__Exercise objective__: Using the records that follow, reproduce exactly the lines starting at the line containing "Virginia Richmond Reprint" and ending at the line containing "Маски свечения находятся". Include both end lines and no pictures.
----
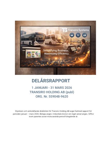 Styrelsen och verkställande direktören för Transiro Holding AB avger härmed rapport för perioden januari – mars 2026. Belopp anges i miljontals kronor om inget annat anges. Siffror inom parentes avser motsvarande period föregående år.
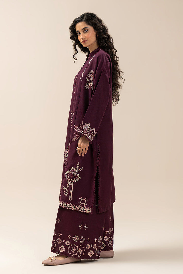 2 PIECE EMBROIDERED SLUB KHADDAR SUIT-MULBERRY MAZE (UNSTITCHED)
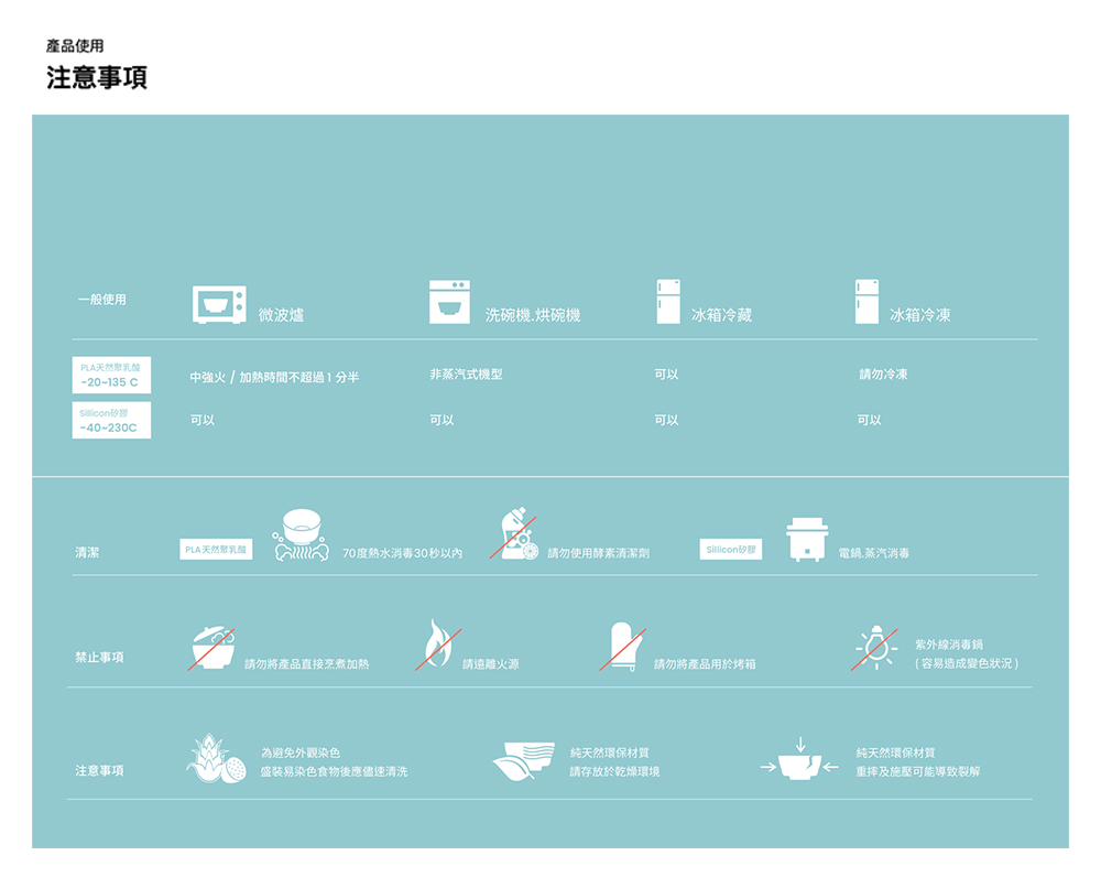 * 如需加熱至較高溫燙口的食物、建議使用其他容器加熱後·再放入Miniwae碗盤中。
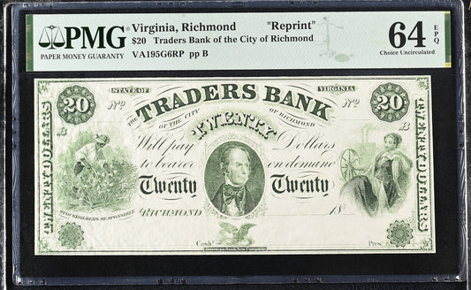 Virginia Richmond Reprint 20-100 Obsolete Bank Note UNC PMG 64 65 EPQ Set 3 pcs
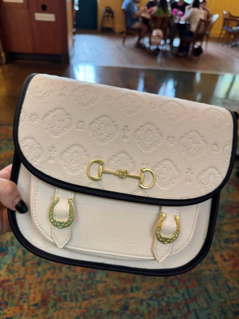 If you’re looking for a chic and stylish bag to carry this season, look no further! This Loungefly crossbody features a beautifully embossed pattern, gold hardware, and equestrian details, as well as white embroidery on the back of the bag. The cream bag with black and gold accents is something that will always be in style!
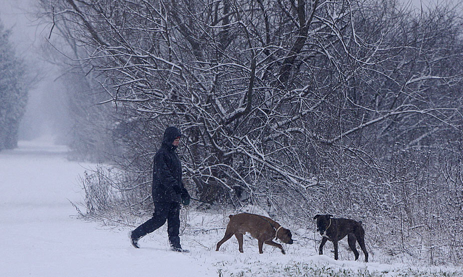 图为12月29日,波兰首都华沙人们在雪中溜狗。
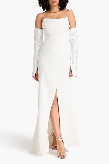 Strapless draped crepe gown
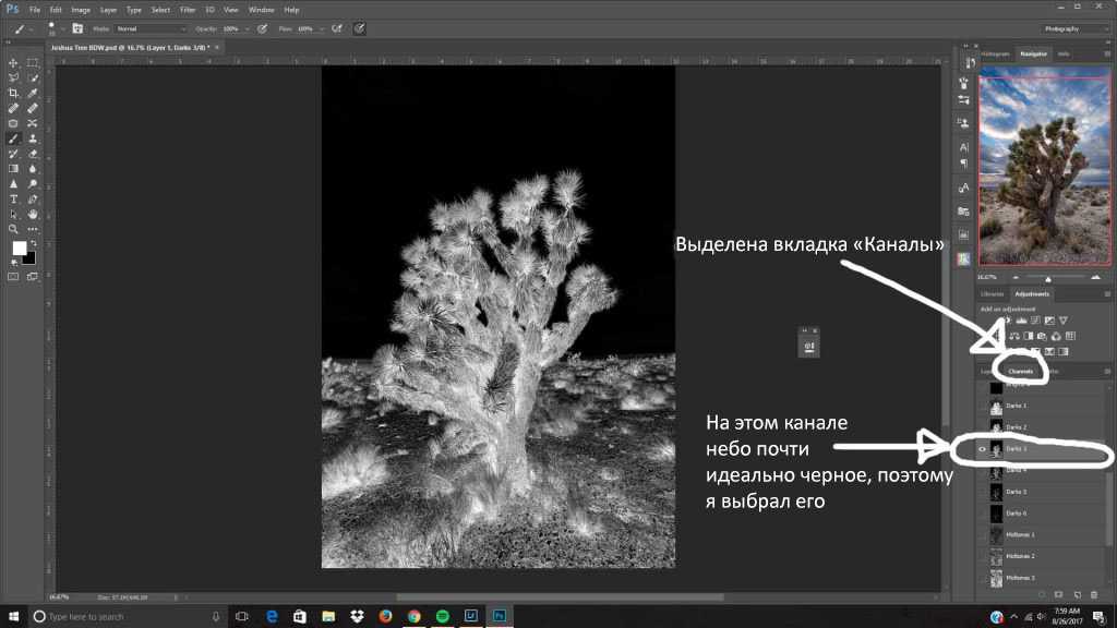 Маски свечения находятся на вкладке Каналы (Channels) рядом со вкладкой Слои (Layers) в боковой панели. Активируйте ее и увидите, что появилось множество масок свечения. Теперь пройдитесь по слоям и найдите тот, земля или небо на котором практически одного цвета (черного и белого).
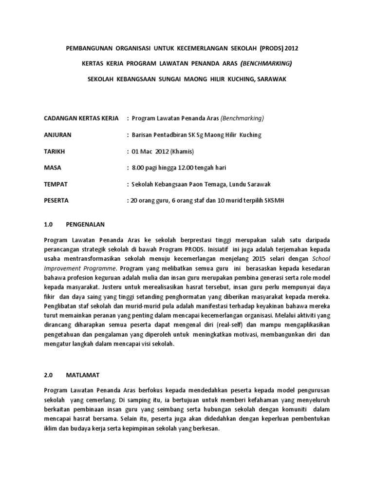 Kertas Kerja Lawatan Penanda Aras from imgv2-1-f.scribdassets.com Lawatan ini bertujuan untuk berkongsi maklumat terkini mengenai program pendidikan pencegahan dadah serta percambahan idea… pada 12 mac 2014, sekolah kebangsaan kota masai telah menerima lawatan daripada tuan haji moh noh bin morli, ketua unit ppda jabatan pendidikan. Lawatan penanda aras kali pertama pada tahun 2012 ini menghala ke sekolah s tengku !ariam, atu #ahat. Lawatan ini telah mendapat kerjasama yang baik daripada #ersatuan $bu apa dan %uru s ing. Sekolah ini dipilih kerana kecemerlangan sekolah tersebut dalam pencapaian kurikulum. Ajk (rosiah binti senu) (riwan bin ali) setiausaha pengerusi lawatan penanda aras lawatan penanda aras sekolah kluster. Peserta lawatan penanda aras program 5s. Aplikasi download karnival stem peringkat sekolah kebenaran. Surat lawatan penanda aras via www.scribd.com.
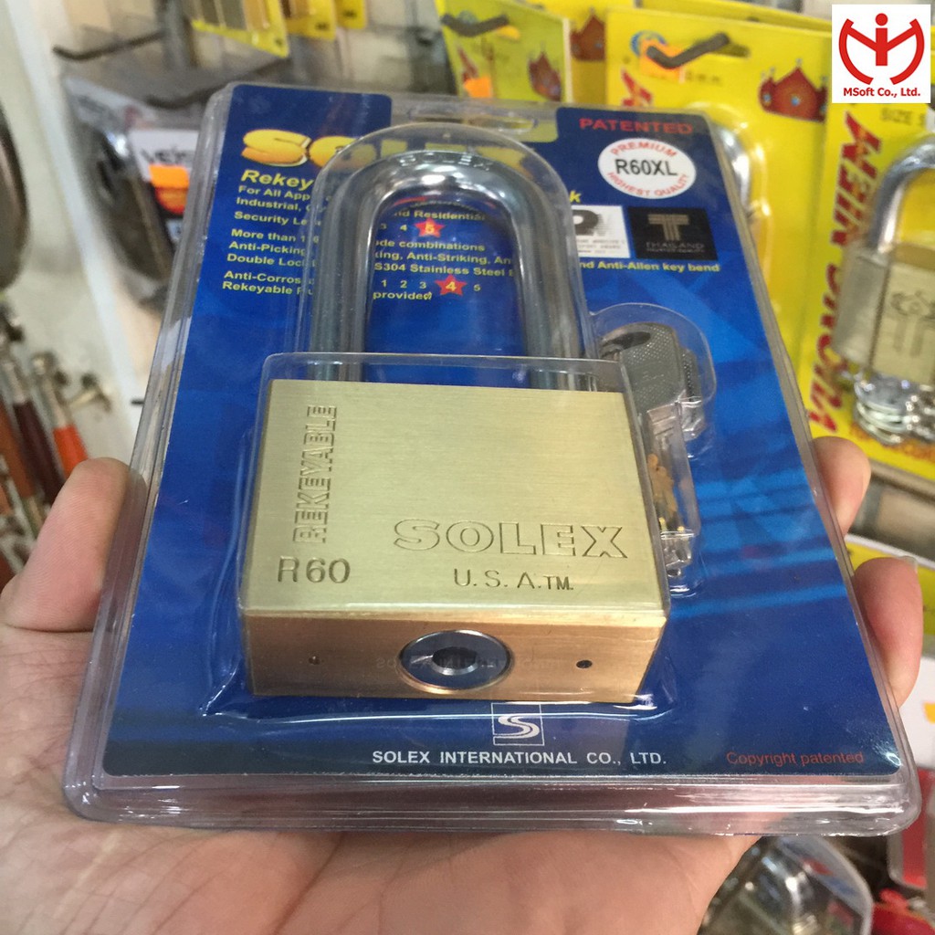 Giới thiệu [Hỏa tốc HCM] Ổ khóa Solex R60XL thân đồng 60mm càng dài 72mm - MSOFT
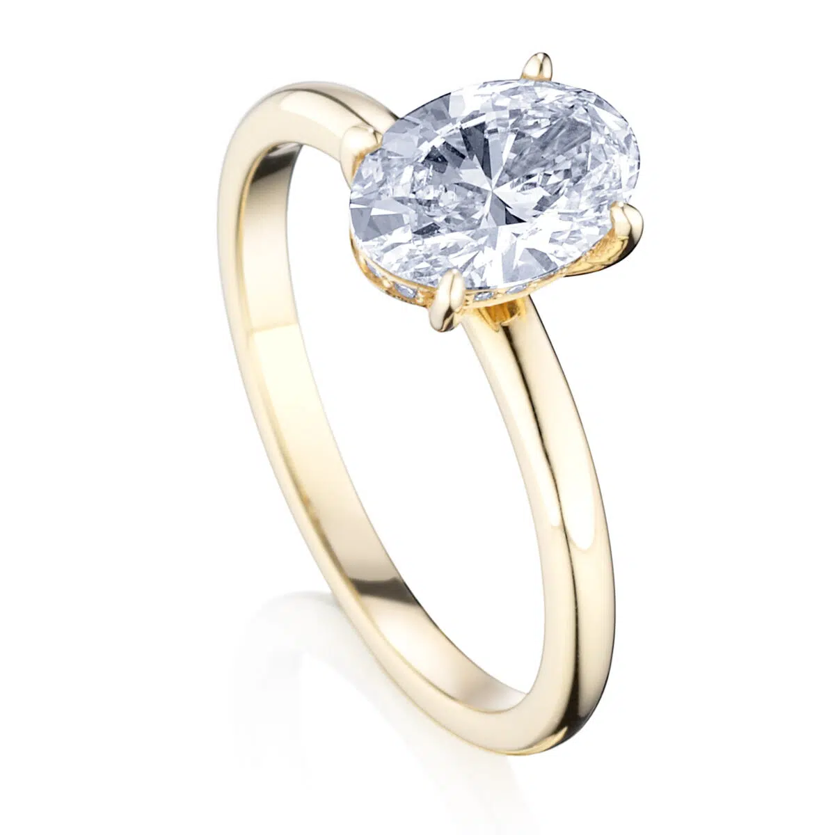Zásnubný prsteň Zorya vyrábame na mieru zo 14 karátového zlata, 18 karátového zlata alebo platiny. Dominantou zásnubného prsteňa je centrálny 1 ct drahokam v tvare brusu oval osadený v štýle hidden halo.
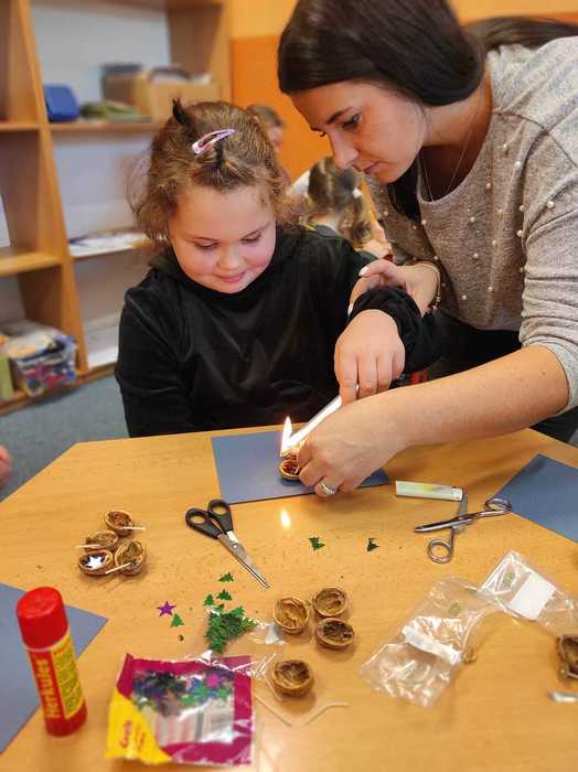 S Vánocemi je spjato mnoho zvyků a tradic, mezi něž se řadí i pouštění lodiček ze skořápek vlašských ořechů. Podle tradice plavba lodičky se zapálenými svíčkami dokáže předpovědět naši budoucnost. A tak jsme s dětmi ve školní družině lodičky vyrobili.
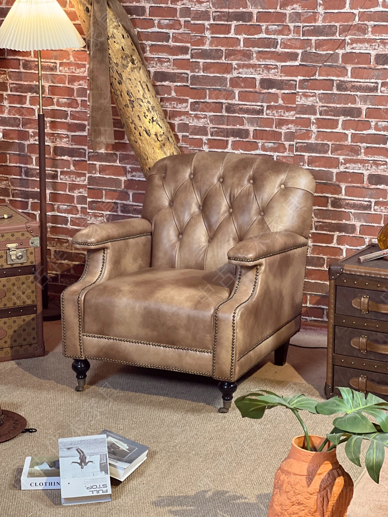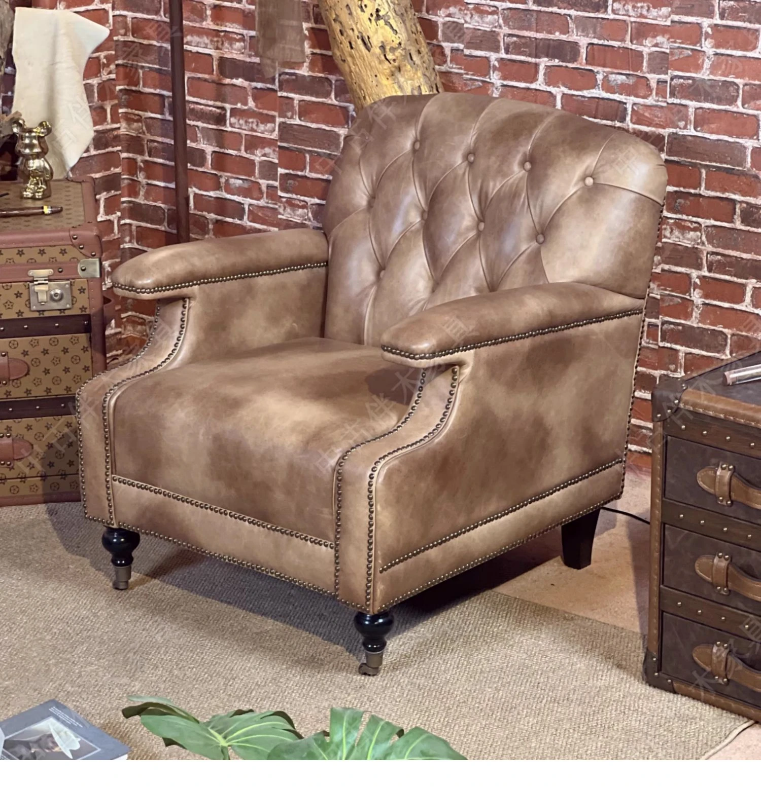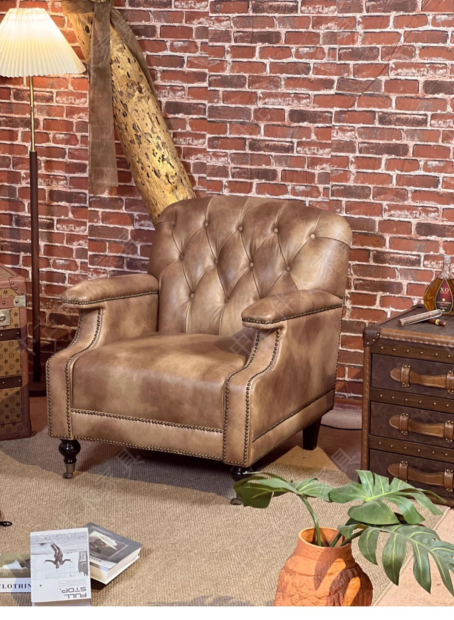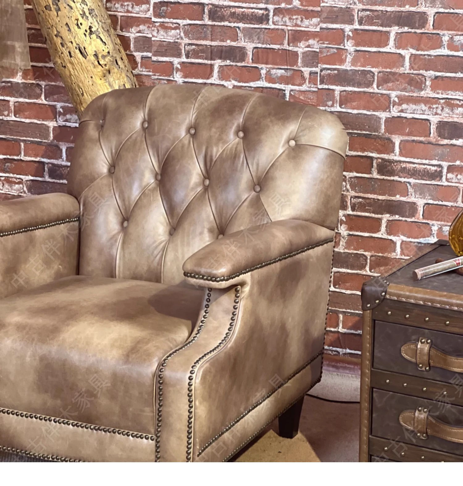 アメリカンヴィンテージの一人掛けソファチェア - 本革タッセルデザイン、リラックスできるレトロスタイル。リビングやバルコニー、民宿にも最適なシガーチェア。おしゃれで快適な空間を演出します!
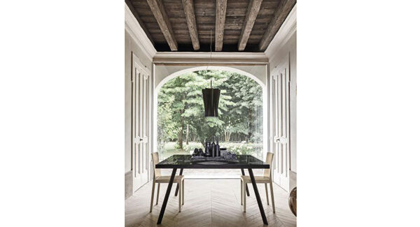 Gone too are the cold chrome legs, replaced by wood stained to the same dense shade as the glass. Italian brand Calligaris has launched the Frame table which sums up this approach, and as a nod to its roots in Mid-Century Modern styling, has finished the design with an angled leg.
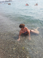 Море тёплое, купались только там , нафиг бассейн- мы едим отдыхать на море или барахтаться в хлорке? Видела как вечером выливали в детский бассейн канистру жидкой дряни, бррр.
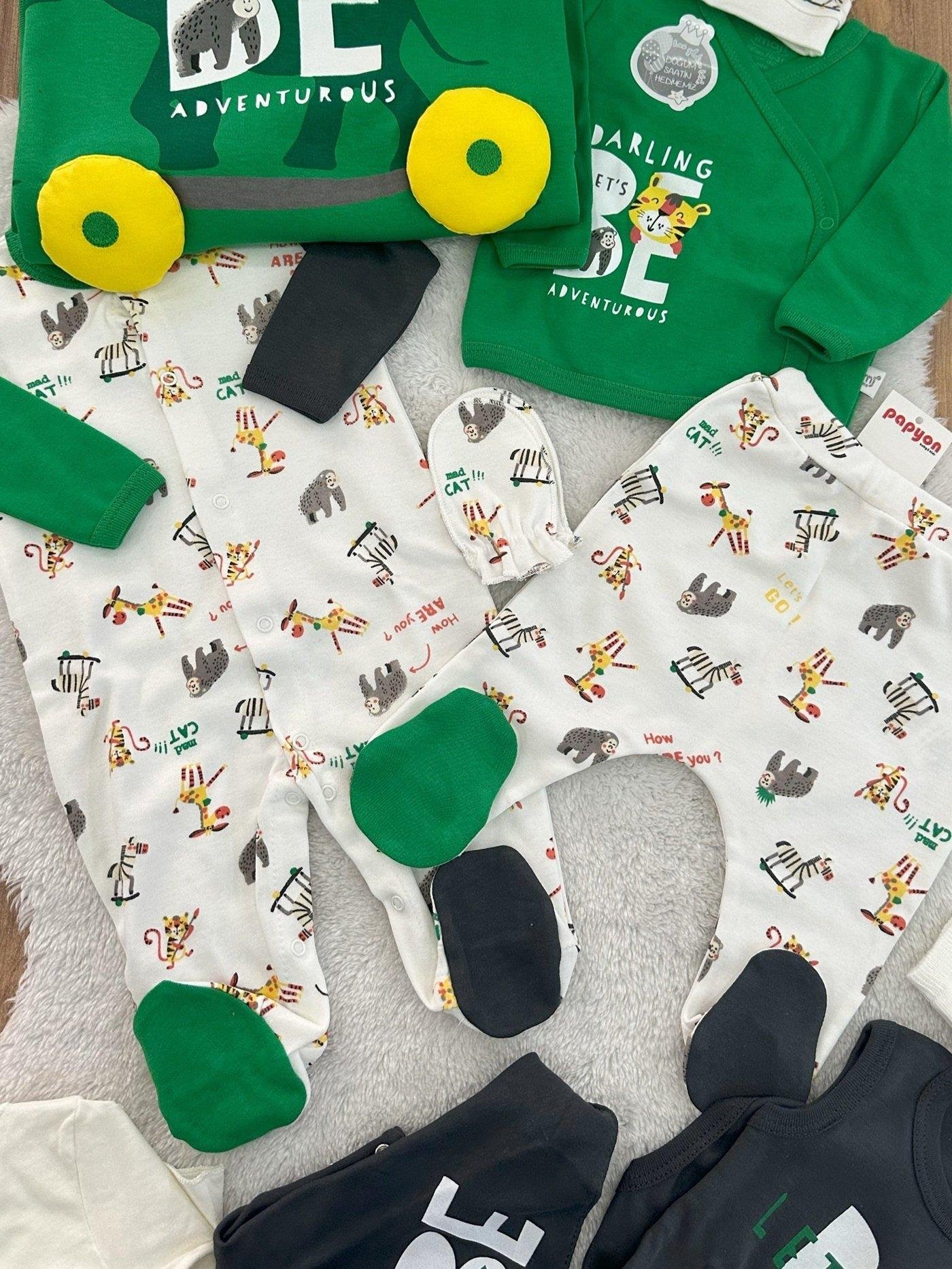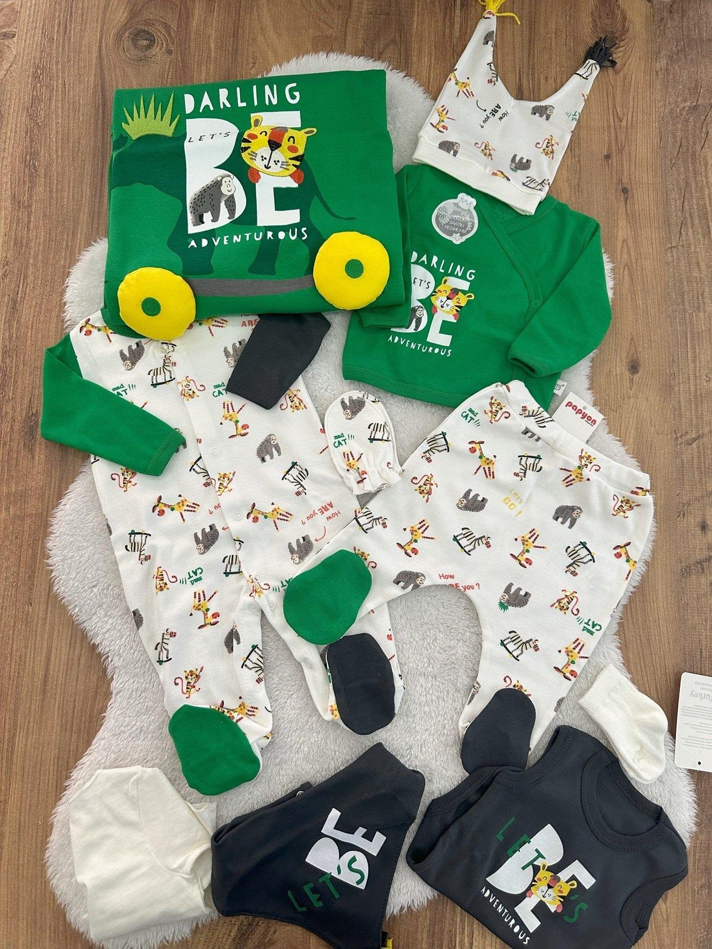Safari Model Yenidoğan Erkek Bebek Tulumlu 10lu Hastane Çıkış Seti
----
__Response area__:
 Virginia Richmond Reprint 20-100 Obsolete Bank Note UNC PMG 64 65 EPQ Set 3 pcs
 If you’re looking for a chic and stylish bag to carry this season, look no further! This Loungefly crossbody features a beautifully embossed pattern, gold hardware, and equestrian details, as well as white embroidery on the back of the bag. The cream bag with black and gold accents is something that will always be in style!
 图为12月29日,波兰首都华沙人们在雪中溜狗。
 Strapless draped crepe gown
 Маски свечения находятся на вкладке Каналы (Channels) рядом со вкладкой Слои (Layers) в боковой панели. Активируйте ее и увидите, что появилось множество масок свечения. Теперь пройдитесь по слоям и найдите тот, земля или небо на котором практически одного цвета (черного и белого).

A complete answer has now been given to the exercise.